His devotion to both Scotland and his adopted city were absolute. On a European trip with Liverpool, he put ‘football’ next to occupation and “Anfield” next to address in the hotel registration form. When the receptionist tried to correct him, he said: “Lady, in Liverpool there is only one address that matters and that is where I live.”
The Shankly quote about football being more than a matter of life and death has been taken far too literally in recent years. All it really tells you is how much the game meant to him. David Peace, who has followed up the acclaimed The Damned United with a fictionalised biography of Shankly, Red or Dead, said in a recent interview: “I didn’t write the book for the supporters of Liverpool Football Club, but it is a story for every football supporter. Shankly was a man whose life was his work and his work was his life, and I wanted to explore why he was so consumed in football.”
Shankly’s politics were Socialist red, a legacy of the Ayrshire coal-mining community he grew up in, and that all-for-one mentality was the secret of the dynasty he built. It makes you wonder what he would have made of the current me-me-me culture where players a year into a four-year contract accuse clubs of betrayal for not selling them on to someone who’s made a more lucrative offer.
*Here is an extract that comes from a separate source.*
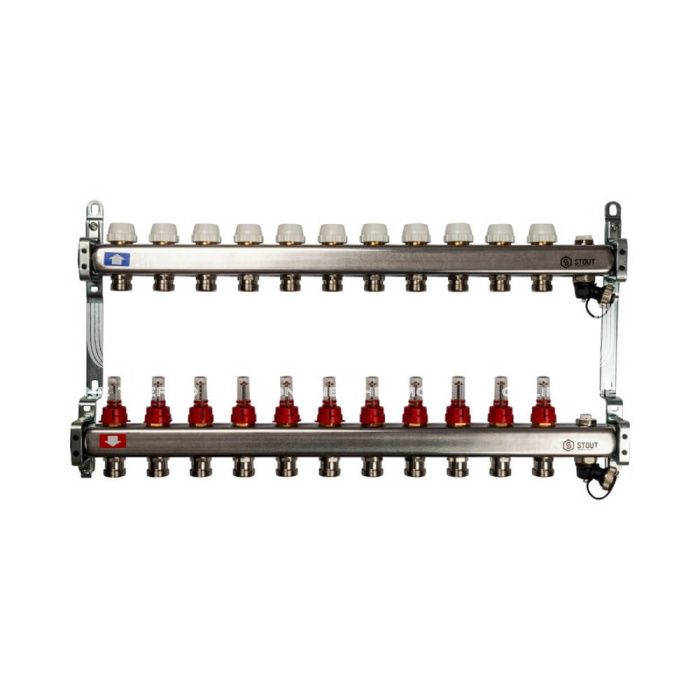 Коллектор Stout из нержавеющей стали с расходомерами, с воздухоотв. и сливом 11 вых.

When Shankly won his second championship with Liverpool in 1966, Angelo Sormani was the world’s most expensive footballer, having cost Internazionale £250,000. You could buy a Rolls Royce Silver Ghost for £6,500. These days, a Rolls Royce Phantom will set you back in the region of £250,000. On Shankly’s birth centenary (September 2), Real Madrid announced the signing of Gareth Bale for around £86 million, 344 times the fee for Sormani. Modern football isn’t a hostage to inflation, but to silliness.
Over the coming season, you will see umpteen quotes about transfers being a dream come true. There will be exuberant kisses on the badge when a goal is scored. What you won’t see much of is sincerity and decency. The Shankly statue outside Anfield is engraved with the words: He made the people happy. There is no greater epitaph. No amount of money can buy you that.